Load external weight tensors listed in configPath from engineDir.

Missing external_weight_files is treated as an empty external-weight set.

Must be called exactly once before validateAgainstEngine(). Calling load() a second time is a programming error and throws.

Throws:

std::runtime_error – if an external weight file cannot be loaded or if load() has already been called.

void validateAgainstEngine(
EngineExecutor const &executor,
std::string_view engineLabel
)#

Validate loaded external weight tensors against executor.

Must be called exactly once after load() and before registerTensorMapEntries(). Calling it a second time is a programming error and throws.

Throws:

std::runtime_error – if load() has not been called first, if validation has already happened, or if an external weight tensor does not match the TensorRT engine input it feeds.
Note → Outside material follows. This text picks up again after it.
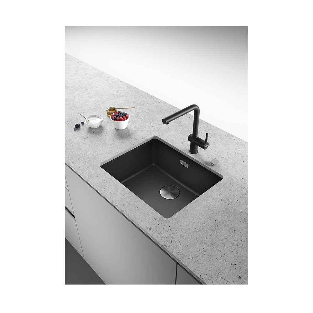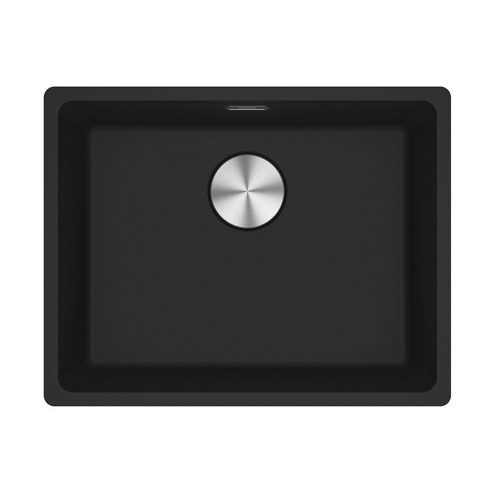Γρανιτένιος νεροχύτης Maris Bowl MRG 110-52 553x433mm, με 1 γούρνα, χωρίς ποδιά, υποκαθήμενος, matte black, με αυτόματη βαλβίδα και ελάχιστο μέγεθος ντουλαπιού 60cm.

void registerTensorMapEntries(TensorMap &map)#

Register all loaded weights in map using each tensor’s safetensors name.

This is separate from load() because TensorMap is constructed after SharedResources, matching the other state managers that publish stable tensor addresses after the runtime builds its engine binding map.

Must be called exactly once after validateAgainstEngine(). Calling it a second time is a programming error and throws.

Throws:

std::runtime_error – if validation has not run first or if registration has already happened.

inline size_t size() const noexcept#

Number of externalized tensors currently owned by the manager.